1. Field of the Invention
The present invention is custom operations for use in processor systems which perform functions including multimedia functions, such as, for example, a system with an ability to handle high-quality video and audio and for performing specialized, high-function operations.
2. Description of the Related Art
A system may include a general-purpose CPU and additional units to serve as a multi-function PC enhancement vehicle. Typically, a PC must deal with multi-standard video and audio streams, and users desire both decompression and compression, if possible. While the CPU chips used in PCS are becoming capable of low-resolution real-time video decompression, high-quality video decompression and compression are still not possible. Further, users demand that their systems provide live video and audio without sacrificing responsiveness of the system.

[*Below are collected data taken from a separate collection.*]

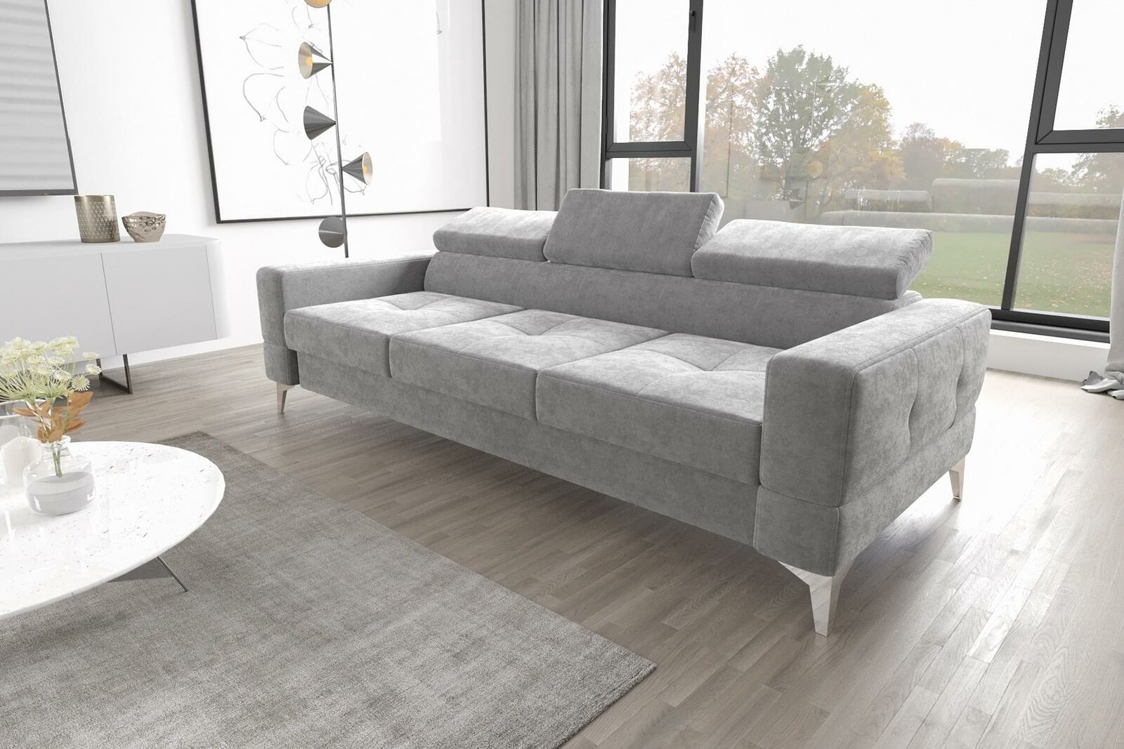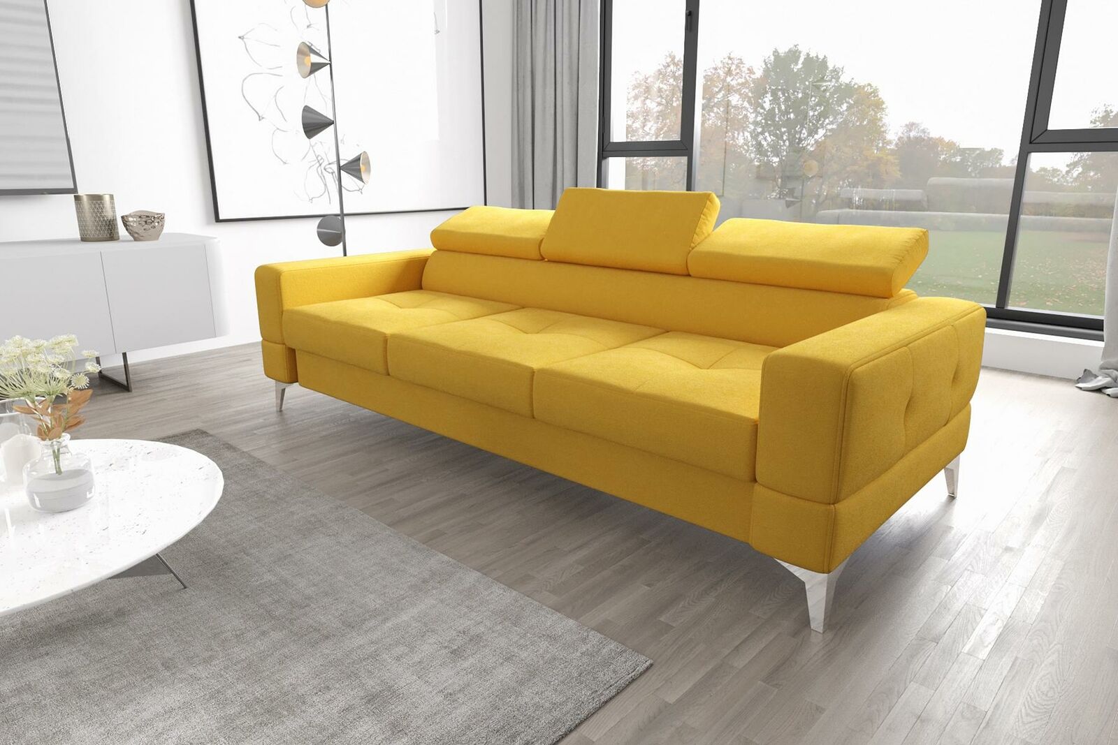 Erleben Sie pure Gemütlichkeit mit unserem Dreisitzer Couch Polster Design Sofa in modernem Rosa! Dieses stilvolle Möbelstück ist nicht nur bequem, sondern auch ein echter Blickfang in Ihrem Wohnzimmer. Mit Maßen von ca. 250 x 97 x 78/95 cm bietet das Sofa genügend Platz für entspannte Abende allein oder mit Ihren Liebsten. Das Highlight dieses Sofas ist die freie Farbwahl, die es Ihnen ermöglicht, das Sofa ganz nach Ihrem persönlichen Geschmack zu gestalten. Zudem haben Sie die Möglichkeit, zwischen verschiedenen Materialien wie Stoff oder Premium Kunstleder zu wählen, um Ihren individuellen Komfort zu optimieren. Das Innengestell aus echtem Holz mit Federkern sorgt für Stabilität und Langlebigkeit. Optional können Sie das Sofa mit einem praktischen Bettkasten und gegen Aufpreis mit einer Unterboden LED Beleuchtung ausstatten, um Ihr Wohnzimmer in eine Wohlfühloase zu verwandeln. Machen Sie Ihr Wohnzimmer mit diesem modernen und komfortablen Dreisitzer Sofa zu einem Ort der Entspannung und des Stils. Bestellen Sie jetzt und tauchen Sie ein in eine Welt des Wohlfühlens!
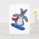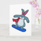 Tarjeta Conejo como snowboarder con snowboard y bufanda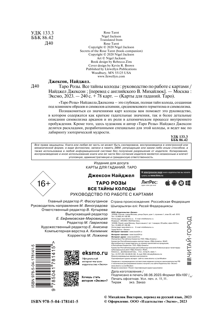 На сегодняшний день товар «Книга: Таро Розы (78 карт и руководство в подарочном оформлении) (Джексон Найджел); ООО "Издательство "Эксмо", 2023» можно купить с кешбеком в 3 магазинах: book24, Буквоед, Читай-город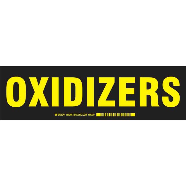 This is manufactured by Brady Corporation. The manufacturer part number is 60298. Applications Information- notice. It is assigned with possible HTSUS value of 3919.90.5060. The product is rohs3 compliant. The symbol only legend includes - no symbol. Arrangement configuration includes - text only. Furthermore, the product is 3.500" (88.90mm) wide. Location Information - outdoor. The background colour is black. It is a rectangle product with unique specifications. The product is widely employed in general. In addition, it is reach unaffected. It is pre-printed. Language include - english. It is shipped in bulk package . Its typical moisture sensitivity level is not applicable. Its accurate length is 12.000" (304.80mm). While text on legend is - oxidizers. It has a long 4 weeks standard lead time. The splendid features of the product include abrasion resistant, chemical resistant. The product is available in adhesive configuration. The product's body is manufactured from highly durable polyester (pet) materials. The product brady®, is a highly preferred choice for users. The legend is yellow. The product is designated with the ear99 code number.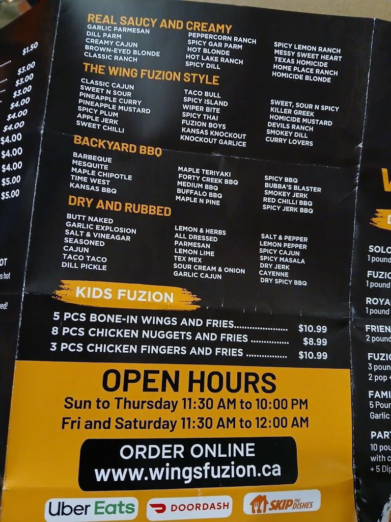Wings Fuzion is really good i come here a lot before or after i workout because my gym is right beside it. I usually get the fuzion feast because i love the fries and the wings are great. I definitely reccomend giving it a try.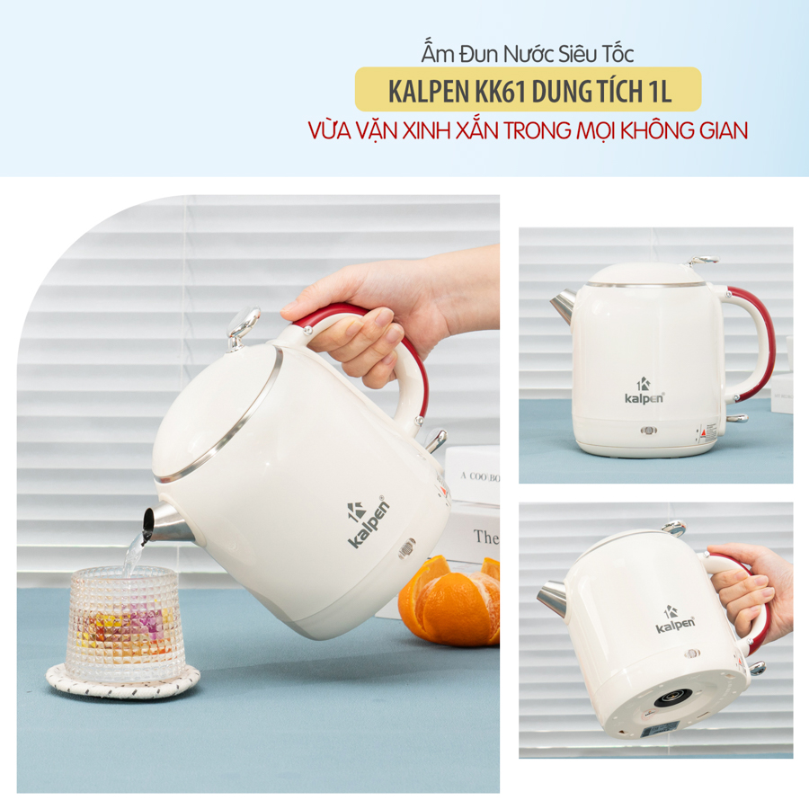 Ấm đun nước siêu tốc Kalpen KK61 dung tích 1L không chỉ giúp bạn có nước sôi nhanh chóng mà còn mang lại cảm giác yên tâm mỗi khi sử dụng.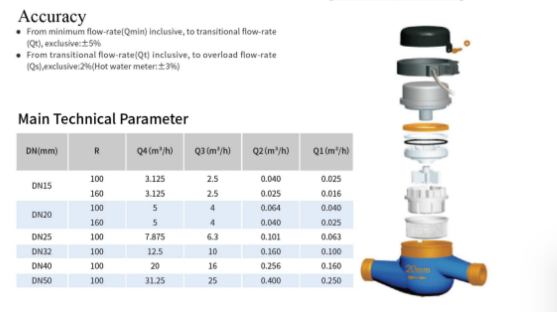 ● Water temperature≤50℃(Hot water meter≤90℃)

For both general-purpose and embedded microprocessor-based applications, programming in a high-level language is desirable. To effectively support optimizing compilers and a simple programming model, certain microprocessor architecture features are needed, such as a large, linear address space, general-purpose registers, and register-to-register operations that directly support manipulation of linear address pointers. A recently common choice in microprocessor architectures is 32-bit linear addresses, 32-bit registers, and 32-bit integer operations although 64 and 128 bit systems are currently in development.
For data manipulation in many algorithms, however, data operations using the entire number of bits (i.e., 32 bits for a 32-bit system) are wasteful of expensive silicon resources. Important multimedia applications, such as decompression of MPEG video streams, spend significant amounts of execution time dealing with eight-bit data items. Using 32-, 64-, 128-, . . . , bit operations to manipulate small data items makes inefficient use of 32-, 64-, 128-, . . . , bit execution hardware in the implementation. Therefore, custom operations may operate on data items simultaneously and thus, improve performance by a significant factor with only a tiny increase in implementation costs.
Although a similar performance increase through other means may be achieved, e.g., executing a higher number of traditional microprocessor instructions per cycle--these other means are generally prohibitively expensive for low-cost target applications. Additionally, use of m-bit operations, for example 32-bit operations, to manipulate small data items of n-bits where n&lt;m is an inefficient use of m-bit execution hardware in the implementation.